Gerald Jones (born 21 August 1970) is a Welsh Labour Party politician. He has been the Member of Parliament (MP) for Merthyr Tydfil and Rhymney since 2015 and has served as a Shadow Welsh Office minister.

Political career

The industrial decline of the 1980s and the 1984–85 Miner's strike led Jones, at the age of 14, to become active in the community struggle to support miners.

He joined the Labour Party in 1988 and has served in a range of roles including Chairperson of New Tredegar Branch Labour Party and the Merthyr Tydfil & Rhymney Constituency Labour Party. Between 2003 and 2015, he also played a role in UK General Elections and Welsh Assembly Election Campaigns across Merthyr Tydfil and Rhymney as Election Agent.

Jones was elected as a Labour Councillor to Caerphilly County Borough Council in 1995, representing his home community of New Tredegar. For 20 years, he represented his community and held an active calendar of advice surgeries and attended many community events, being accessible to local residents. He also served as Deputy Leader of the Council and between 2012 and 2015 also served as Cabinet Member for Housing where he drove the council's commitment to delivering the Welsh Housing Quality Standard programme. Jones also served as the Anti Poverty and Homelessness Champion.

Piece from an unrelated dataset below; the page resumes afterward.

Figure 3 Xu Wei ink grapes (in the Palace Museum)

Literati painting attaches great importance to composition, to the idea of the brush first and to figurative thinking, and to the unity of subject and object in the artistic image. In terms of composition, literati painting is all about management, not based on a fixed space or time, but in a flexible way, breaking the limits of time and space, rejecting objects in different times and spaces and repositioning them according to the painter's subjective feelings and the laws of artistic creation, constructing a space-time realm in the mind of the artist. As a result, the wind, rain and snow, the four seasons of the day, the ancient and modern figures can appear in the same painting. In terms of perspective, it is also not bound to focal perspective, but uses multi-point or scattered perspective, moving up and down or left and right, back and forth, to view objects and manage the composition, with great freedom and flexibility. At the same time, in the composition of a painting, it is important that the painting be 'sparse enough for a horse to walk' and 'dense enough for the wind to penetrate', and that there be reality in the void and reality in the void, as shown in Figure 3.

He is also member of the GMB union and the Co-operative Party.

He supported Owen Smith in the failed attempt to replace Jeremy Corbyn in the 2016 Labour leadership election.

Jones was first elected as the Member of Parliament for Merthyr Tydfil & Rhymney in the 2015 General Election and was subsequently re-elected at the 2017 and 2019 elections.

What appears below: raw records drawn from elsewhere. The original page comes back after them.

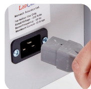
IEC power cable into the mains.
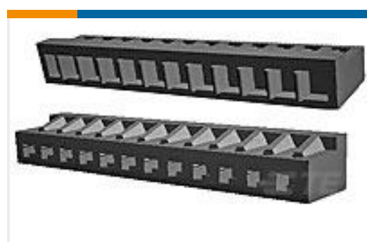
TE Part #172520-4 LOW PRO MINI AMP-IN HDR 4P
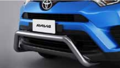
Nudge Bar - Alloy This alloy nudge bar is for those who encounter more than the odd sheep on their travels. It's airbag compatible, and has driving light mounts. Plus it looks great.
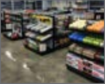
Business Development Fund best uses
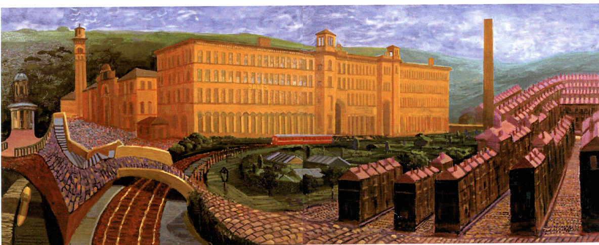
Salts Mill, Saltaire Yorks, 1997 Oil on two canvases, 48 x 120 in.
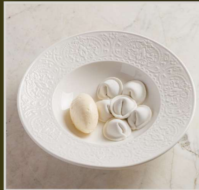
ALMOND TORTELLINI DULCHE DE LECHE

Having served as a Parliamentary Private Secretary (PPS) to the Shadow Wales and Defence teams, he was appointed by Labour leader Jeremy Corbyn as a Shadow Wales Minister in October 2016 and a Shadow Defence Minister in July 2017.

As of June 2015, he is one of 125 MPs who employ a member of their family; he employs his partner as a senior parliamentary assistant.

Personal life

Jones was born in 1970 in Phillipstown, New Tredegar: a small community in the Upper Rhymney Valley.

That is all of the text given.